Он лежал на боку, лицом к спинке, подвернув под себя согнутую руку, а другой словно прикрывая глаза от света. Между его грудью и спинкой дивана натекла лужица крови, а в ней лежал бескурковый револьвер Уэбли. Одна сторона его лица превратилась в кровавую массу.
Я нагнулся, вглядываясь в уголок широко открытого глаза, в обнаженную руку, за сгибом которой виднелось почерневшее, вздувшееся отверстие в голове. Оттуда еще сочилась кровь.
Я не стал его трогать. Кисть руки была еще теплая, но он был, несомненно, мертв. Я оглянулся в поисках записки, какого-нибудь клочка.
Кроме рукописи на столе, ничего не было. Они не всегда оставляют записки.
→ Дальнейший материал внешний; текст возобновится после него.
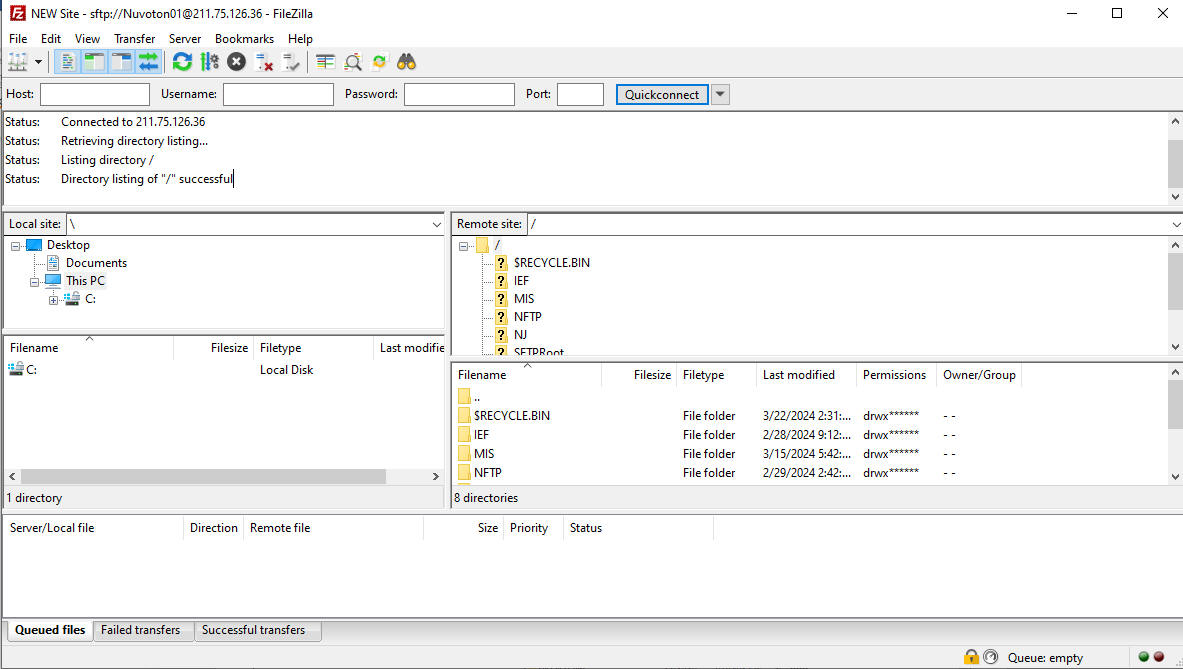 2.FileZilla SFTP Setting and operation(IEF Host:211.75.126.37)

Машинка была открыта. В ней ничего не оказалось. В остальном все выглядело вполне нормально. Самоубийцы готовятся к смерти по-разному: кто напивается, кто устраивает роскошные обеды с шампанским. Кто умирает в вечернем костюме, кто вовсе без костюма. Люди убивают себя на крыше зданий, в ванных комнатах, в воде, под водой. Они вешаются в барах и травятся газом в гаражах. На этот раз все оказалось просто. Я не слышал выстрела, но он мог прозвучать, когда я был у озера и смотрел, как парень на акваплане делает поворот. Там было очень шумно. Почему так было нужно Роджеру Уэйду, я не знал. Может, он об этом и не думал. Роковой импульс просто совпал с тем, что моторист прибавил газу. Мне это не понравилось, но никому не было дела, что мне нравилось, а что нет.
Клочки чека по-прежнему валялись на полу, но я не стал их подымать.
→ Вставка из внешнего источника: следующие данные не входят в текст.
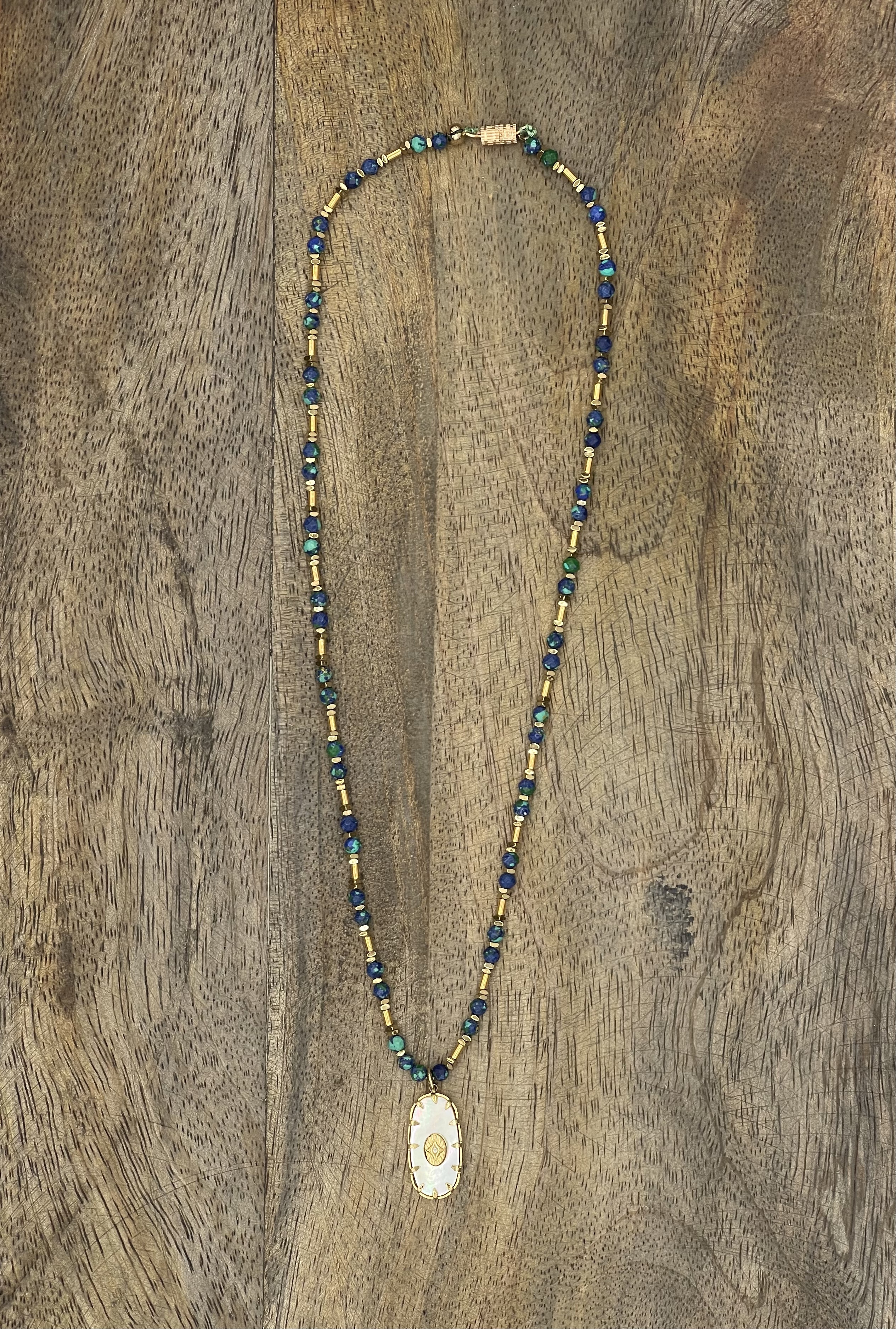 Perles Lapis Lazuli, tubes en laiton doré à l’or fin, hématites dorées, pendentif nacre doré à l’or fin.

Разорванные в полоски листы, исписанные им в ту знаменитую ночь, лежали в корзине. Вот это я забрал. Достал их, убедился, что они все на месте, и спрятал в карман. Корзина была почти пуста, что облегчило Задачу.
Допытываться, где же он взял револьвер, не имело смысла. Он мог лежать в любом укромном месте. В кресле или на диване, под подушкой. Мог быть на полу, за книгами, где угодно.
Я вышел и закрыл дверь. Прислушался. Из кухни что-то доносилось. Я пошел туда. На Эйлин был синий передник, а чайник только что засвистел. Она прикрутила пламя и взглянула на меня мельком и равнодушно.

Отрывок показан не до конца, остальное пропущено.